As the waves of visions flowed out, they returned with memories that were not his own. Images of women dancing along tree lined paths, winding their way through forests and into hidden groves to sing praise songs to Dionysus. He saw men in priests’ robes offering wine and fruit at altars to their god. He watched as Dionysus sat alone and crying on a hilltop.

“What for?” Dean whispered.

“My father,” Dionysus answered quietly, rocking Dean in his arms. “Zeus.”

“Does he love you?”

“I don’t know.”

“Me either.”

More images flowed between them. More of Dionysus’ memories offered in exchange for Dean’s. His half brother coming in stealth to a grove, only to be ripped to pieces by their mother for his betrayal. Men hunted for loving other men and finding peace in Dionysus’ arms and in his temples.

“I don’t know if I…”

“Shhh. I know.” Dionysus stroked a hand along Dean’s cheek. “You don’t have to know anything right now, only that this is where you belong. Where you have always belonged. You are safe now.”

Dean stared at Dionysus for a long while taking in every nuance of his appearance, every sensation building in the base of Dean’s gut. It was something so different, so out of practice. He hadn’t felt it since before his Mom died and his life went to hell.

Dean swallowed a sobbed, nodded and tucked his head into the crock of Dionysus’ neck.

“Don’t leave,” he whispered into Dionysus’ shoulder.

“Never. Never again.”

Dean felt Dionysus press a kiss against his hair and the god’s arms wrap warm and tight around him.

It was too much.

It was everything he needed. It was everything he had been craving. Dean let go and cried.

 

~V~

 

A howl echoed around him. It was answered by a dozen or more calls, wolves or dogs, Sam couldn’t tell, howling back and forth. Echoing all around him. And under the sound of the wolves or whatever, Sam felt more than heard, the pounding beat of hooves thundering toward him.

The howling came again, from behind Sam and from in front. It was everywhere. Not echoes now, but true callings and responses from real animals that sounded way to close for Sam’s comfort.

Sam was standing on the edge of a forest. It was dark with only a crescent moon, winking out from the clouds. No lamps or campfires, no stars, not even a damn flashlight. Fog coiled around his legs and snuck under his jacket. It was the worst kind of night: cold and damp and freaking spooky even with out the howling.

The ground shook.

Sam looked to his left as the darkness formed itself into a hoard of creatures riding toward him on horseback. At its head was a man in dull black armor with a helm of many tined antlers. His horse was taller than any of the others and blacker than the shadows and its ears were red. Racing in and around the horse’s legs were sleek white dogs with red ears like the horse’s.

The lead rider raised his arm and the whole pack slowed to a walk and then stopped a few lengths away from Sam.

Sam watched as several of the riders, including the leader dismounted but only the leader took off his helmet and walked toward Sam.

Sam didn’t know if he was supposed to bow or what. How the heck did one address a god? And one who showed up like that? Sam had no idea. He watched and waited as the god approached and finally nodded his head when Gwyn stopped in front of him.

“Hello,” Sam said.

“You stand in the face of the Hunt and do not run. That is either very brave or very foolish.”

“Um, well. Both? I guess.”

Gwyn laughed and it sounded like the pounding of hooves.

“Running tends to just get things chasing me and I’m kinda sick of that and well, I was invited, so…” Sam shrugged.

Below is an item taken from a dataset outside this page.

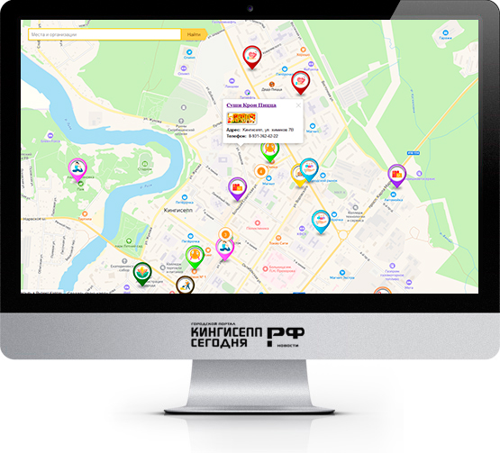 Максимизируйте свою видимость - разместите свою компанию на интерактивной карте на главной страницепортала «Кингисепп-сегодня.рф» и дайте клиентам множество способов связи: ссылка на ваш сайт,социальные сети, мессенджеры! Посмотреть пример »

“Indeed.” Gwyn nodded and then waved toward the trees behind them. “Come, walk with me.”

“Okay.”

Sam fell into step along side Gwyn. They walked in silence for a ways, Gwyn apparently content to leave the talking to his dogs who followed by leading them along the path.

A few quiet lengths under the trees and Gwyn paused, flipped his cloak over one shoulder and looked at Sam.

“Ask your questions Sam Winchester,” Gwyn said with a smile.

“What questions?”

“As loud as your thoughts are racing, I suspect the Cailleach could hear you in her barrow.”

“I’m sorry, who?”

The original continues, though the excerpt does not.